This may be the wrong place to ask this, so feel free to redirect.

I have data that is positive and continuous but has outliers. I normally use the Gamma distribution to model positive continuous data or parameters. Is there some equivalent robust version the way that the Student’s T is used as a robust likelihood in place of the Normal distribution? If not based on Gamma, is there any standard way to do a robust likelihood for positive continuous variables?

(Added in edit:) There is a generalized Gamma distribution which has an extra shape parameter `p`

. I also thought that the easiest thing to do (programmatically) is just to use a truncated Student’s t.

Opher

You try a LogStudentT distribution. The generative graph is just the exp of student T, so it’s easy to implement using a custom dist:

```
import pymc as pm
def log_student_t(mu, sigma, nu, size=None):
return pm.math.exp(pm.StudentT.dist(mu=mu, sigma=sigma, nu=nu, size=size))
with pm.Model() as m:
# priors for mu, sigma, nu
y_hat = pm.CustomDist(mu, sigma, nu, dist=log_student_t, observed=y_data)
```

For the prior on `nu`

, @bwengals was doing some work on a model like this with a special prior for `nu`

, but the specifics escape me.
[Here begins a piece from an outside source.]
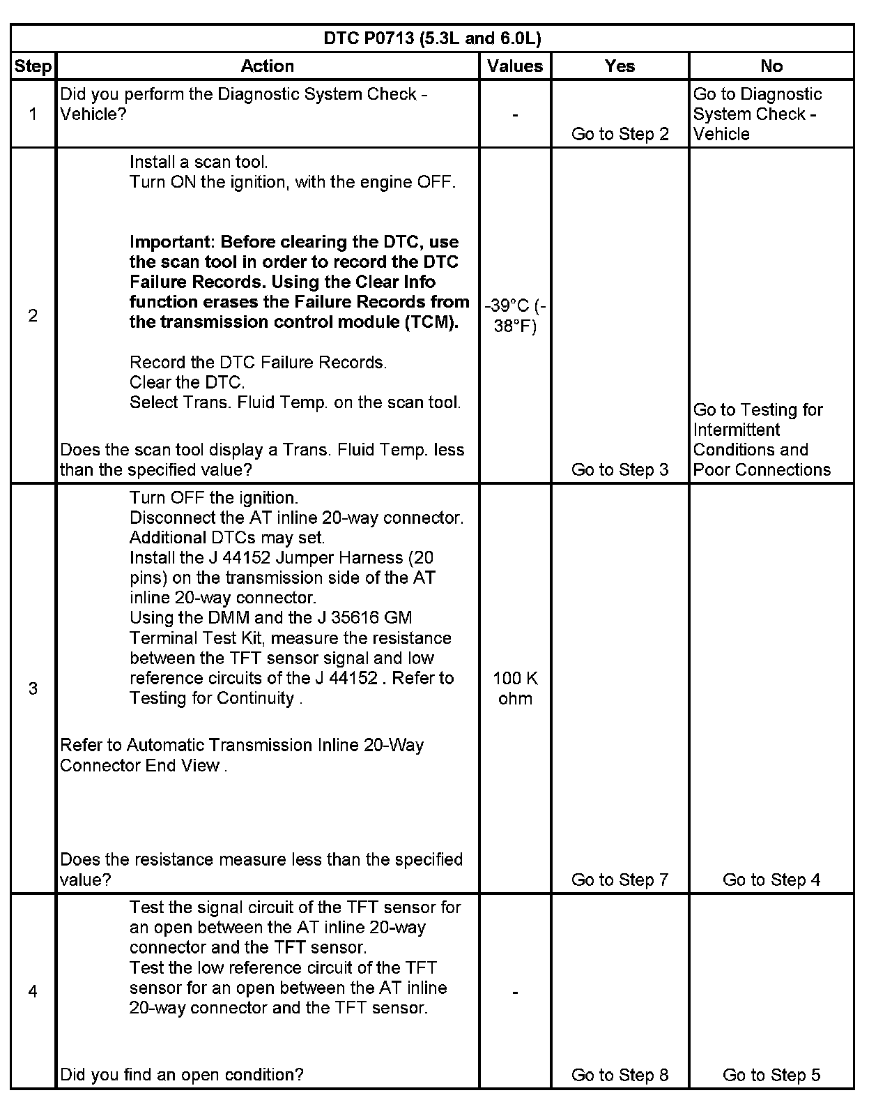If the TCM detects an open or short to voltage in the TFT sensor or signal circuit, then DTC P0713 sets. DTC P0713 is a type C DTC.

Hopefully he can chime in himself.

We also recently experimented with a mixture of LogNormals, so each datapoint was classified via latent variable into either a low sigma or high sigma distribution, each with the same mean. The idea was an analogy to the student T as a mixture of infinite normals.
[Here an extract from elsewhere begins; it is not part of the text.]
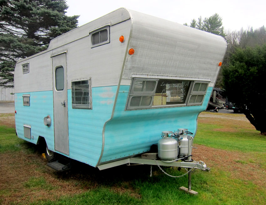 it is a 1966 Eljay, 17 footer, made right in Brattleboro on the property with the Estay Organ factory. This is the very last Eljay trailer made, and was owned until 1976 when it was sold to the previous owner of this RV store on Route 9, where it has been for 54 years. The fellow there was so enthused that I was enthused (I stopped to network to find a “canned ham” – “good luck” he said to me). He got the keys, we headed out, and he showed me through. He restored the interior which has bunk beds and a toilet. The exterior is all original, and sadly it has not been used. Then to (sorry) I-91, and home

But as to the question of whether there’s a “standard” approach here, I haven’t seen one if there is.

2 Likes

Thanks this is helpful. I added some ideas I’d had before above. If there’s nothing standard, we’ll just pick something and go with it.

RE the prior on `nu`

, the PC prior is a good choice. There’s a PR for it in PyMC experimental if you’re brave and not on windows. Or, to keep it simple, you can use Gamma(alpha=2, beta=0.1). That’s very close to the PC prior that says, “I think there’s a 50% chance that `nu`

is greater than 30”, where 30 is the sort of recognized place where student t’s look very normal.